In this embodiment, the processed audio is obtained by performing channel fusion processing on the native audio; and then, according to the reduction factor corresponding to the original audio, the processed audio is subjected to filtering processing to obtain the preprocessed audio of the original audio, so that the reduction of the data size of the original audio is realized, the data size required to be processed in the subsequent electric tone basic tone analysis step can be effectively reduced, and the analysis efficiency of the electric tone basic tone is further improved.

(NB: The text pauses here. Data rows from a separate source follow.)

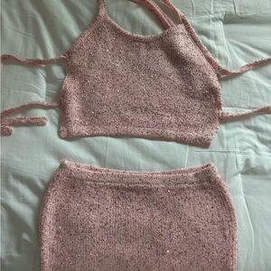 Edikted Sequin Pink Knit Tank Top and Skirt Set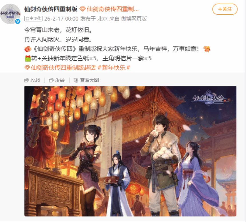 2026丙午马年新春,《仙剑奇侠传四:重制版》官方微博正式发布全新新春贺图,向玩家送上节日祝福。画面以热闹喜庆的古风市井灯会为背景,云天河、韩菱纱、慕容紫英、柳梦璃四位经典主角悉数登场,结伴同游,氛围温馨治愈。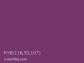 RYB 118,53,107 Color is a normal magenta color and the nearest color is Cosmic #76395d. Hex code #76356b and RGB value is rgb(118,53,107). In RGB color space, this color is composed of 46% red, 21% green, 42% blue, In CMYK color space, this color is composed of 0% cyan, 55% magenta, 9% yellow , 54% black , In HSL color space, this color has a hue angle of 310° , 38% saturation and 34% lightness.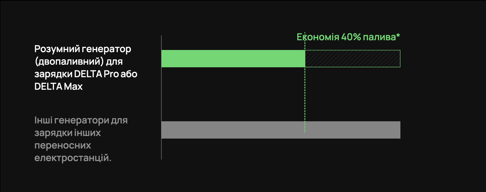 Заряжая DELTA Pro, DELTA Max или Power Kits, вы можете сэкономить до 40% на топливе по сравнению с другими генераторами и портативными электростанциями. Вот как это работает: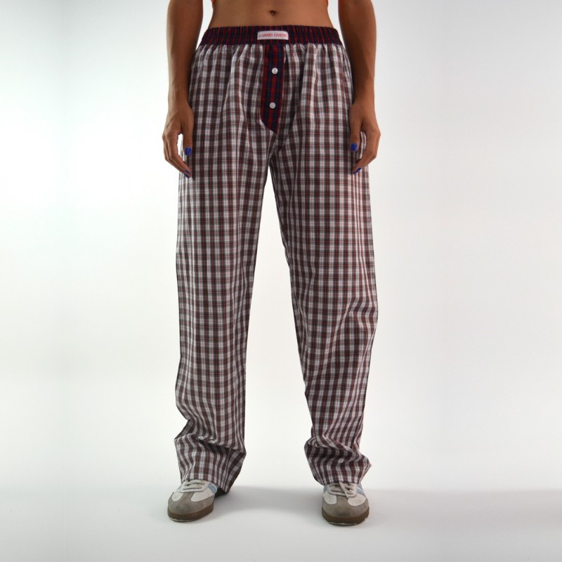 Jaimito Jaimito. You're handsome. But you know it yourself. And that's the worst part. When your Instagram isn't filled with DMs from girls, call me. In the meantime, you'll be just another ex. These unisex, high-waisted long pants feature an elastic waist and front button closure. The garment has an oversized fit. Measures: The model is 1.70 cm (5'7") and wears size S by Hand Over. Bust: 86 cm (34 in) Waist: 66 cm (26 in) Hip: 95 cm (37 in)

In one embodiment, the step S201 is performed to compress and restore the audio to be analyzed to obtain the native audio of the audio to be analyzed, and specifically includes the following steps: processing the format information and the data stream information of the audio to be analyzed through an audio processing library; according to the format information and the data stream information, decoding the audio to be analyzed to obtain decoded audio of the audio to be analyzed; and resampling the decoded audio to obtain the original audio of the audio to be analyzed.

The audio processing library is a program library for recording and converting audio data; the audio processing library comprises a plurality of instruction functions for processing audio data. The data stream information refers to information describing a storage size, a compression amplitude, and the like of the audio data.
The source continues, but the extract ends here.